• **WHAT TO PRODUCE**
A single number is the answer here: how many lines of the entries contain "match"?

• **EXERCISE MATERIAL**
□ □ □ □ □ □ □
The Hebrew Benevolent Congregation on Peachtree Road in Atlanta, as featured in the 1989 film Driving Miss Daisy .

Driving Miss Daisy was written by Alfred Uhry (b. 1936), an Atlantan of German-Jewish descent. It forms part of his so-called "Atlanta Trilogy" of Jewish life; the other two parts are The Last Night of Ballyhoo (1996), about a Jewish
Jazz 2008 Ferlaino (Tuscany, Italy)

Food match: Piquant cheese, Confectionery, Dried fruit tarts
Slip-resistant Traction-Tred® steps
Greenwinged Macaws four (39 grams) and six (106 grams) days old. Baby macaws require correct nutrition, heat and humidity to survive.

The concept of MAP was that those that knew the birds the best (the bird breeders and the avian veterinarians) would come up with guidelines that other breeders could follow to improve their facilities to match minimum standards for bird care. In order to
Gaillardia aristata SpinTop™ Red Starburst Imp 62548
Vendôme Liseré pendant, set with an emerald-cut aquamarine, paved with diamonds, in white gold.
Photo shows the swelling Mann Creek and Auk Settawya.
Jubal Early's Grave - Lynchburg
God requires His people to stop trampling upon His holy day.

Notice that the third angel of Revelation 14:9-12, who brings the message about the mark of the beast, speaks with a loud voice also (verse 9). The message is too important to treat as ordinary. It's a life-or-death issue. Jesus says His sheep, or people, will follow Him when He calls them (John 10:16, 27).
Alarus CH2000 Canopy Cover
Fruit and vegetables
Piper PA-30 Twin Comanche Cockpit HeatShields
□ □ □ □ □ □ □
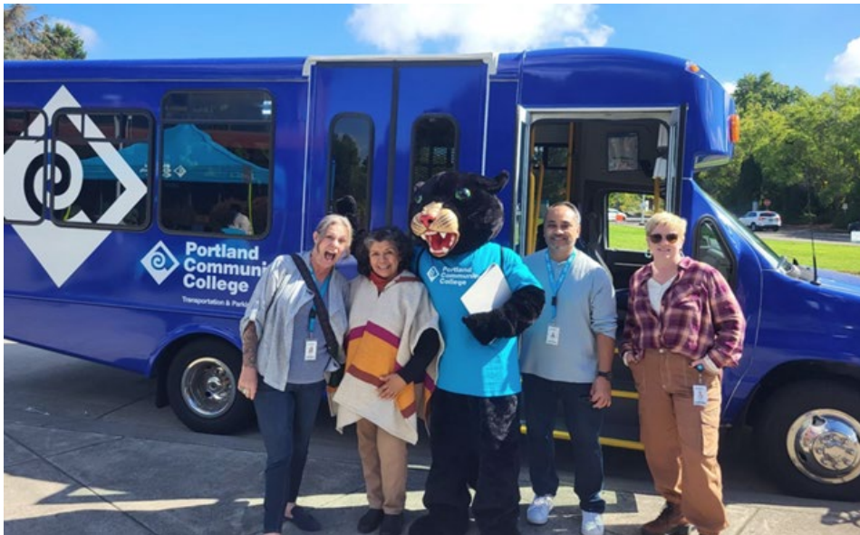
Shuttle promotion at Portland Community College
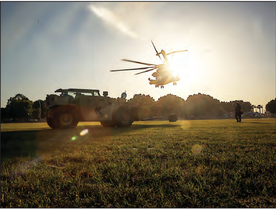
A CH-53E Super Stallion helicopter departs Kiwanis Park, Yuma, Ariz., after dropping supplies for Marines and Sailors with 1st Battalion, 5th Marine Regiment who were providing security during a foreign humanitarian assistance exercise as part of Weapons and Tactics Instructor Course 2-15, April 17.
□ □ □ □ □ □ □
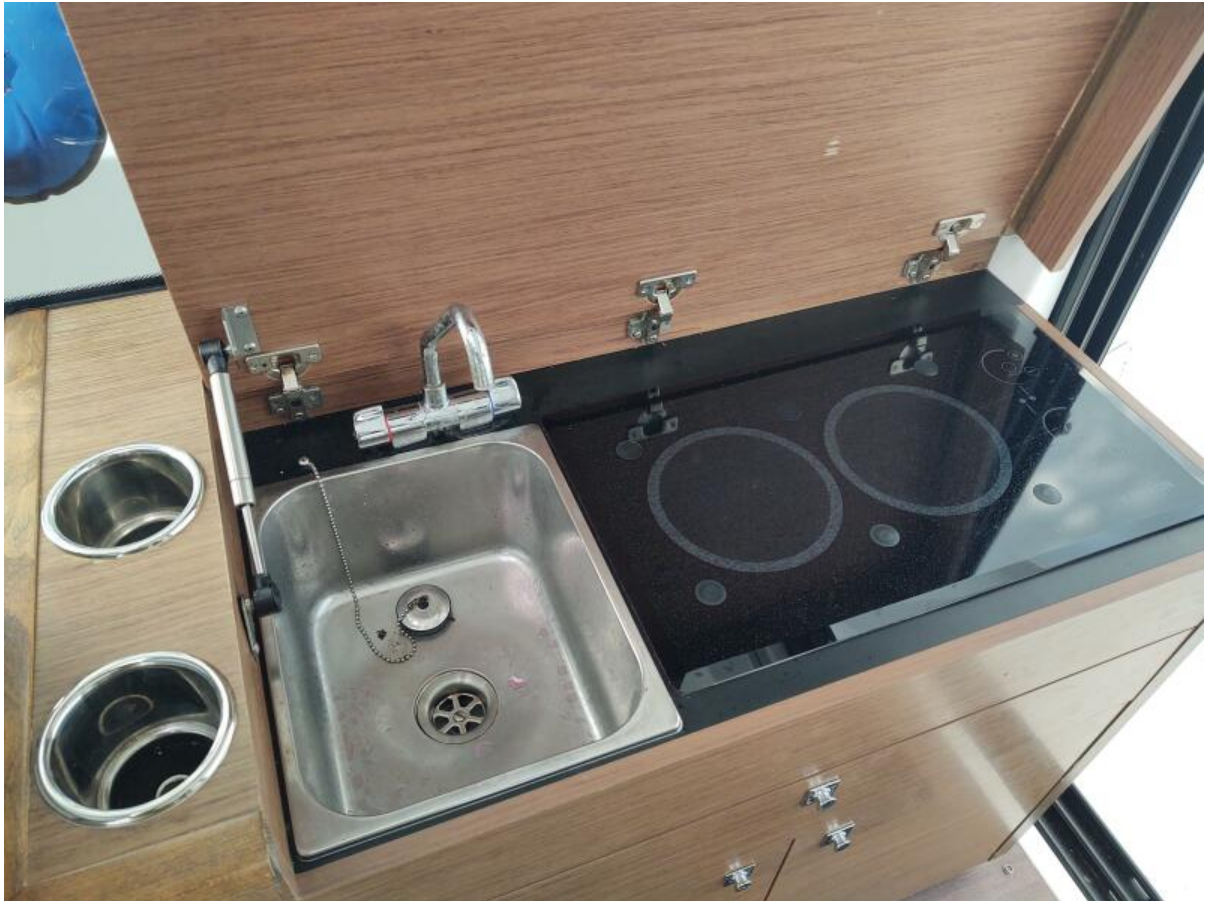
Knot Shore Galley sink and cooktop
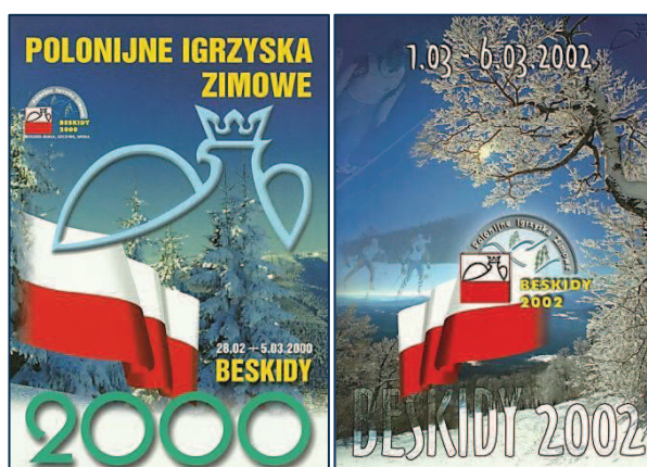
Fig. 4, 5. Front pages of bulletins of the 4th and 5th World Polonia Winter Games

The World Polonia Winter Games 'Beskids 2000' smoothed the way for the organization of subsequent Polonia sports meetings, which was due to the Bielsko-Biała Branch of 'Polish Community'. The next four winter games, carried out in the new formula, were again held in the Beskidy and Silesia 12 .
□ □ □ □ □ □ □
• **EXERCISE SOLUTION**
2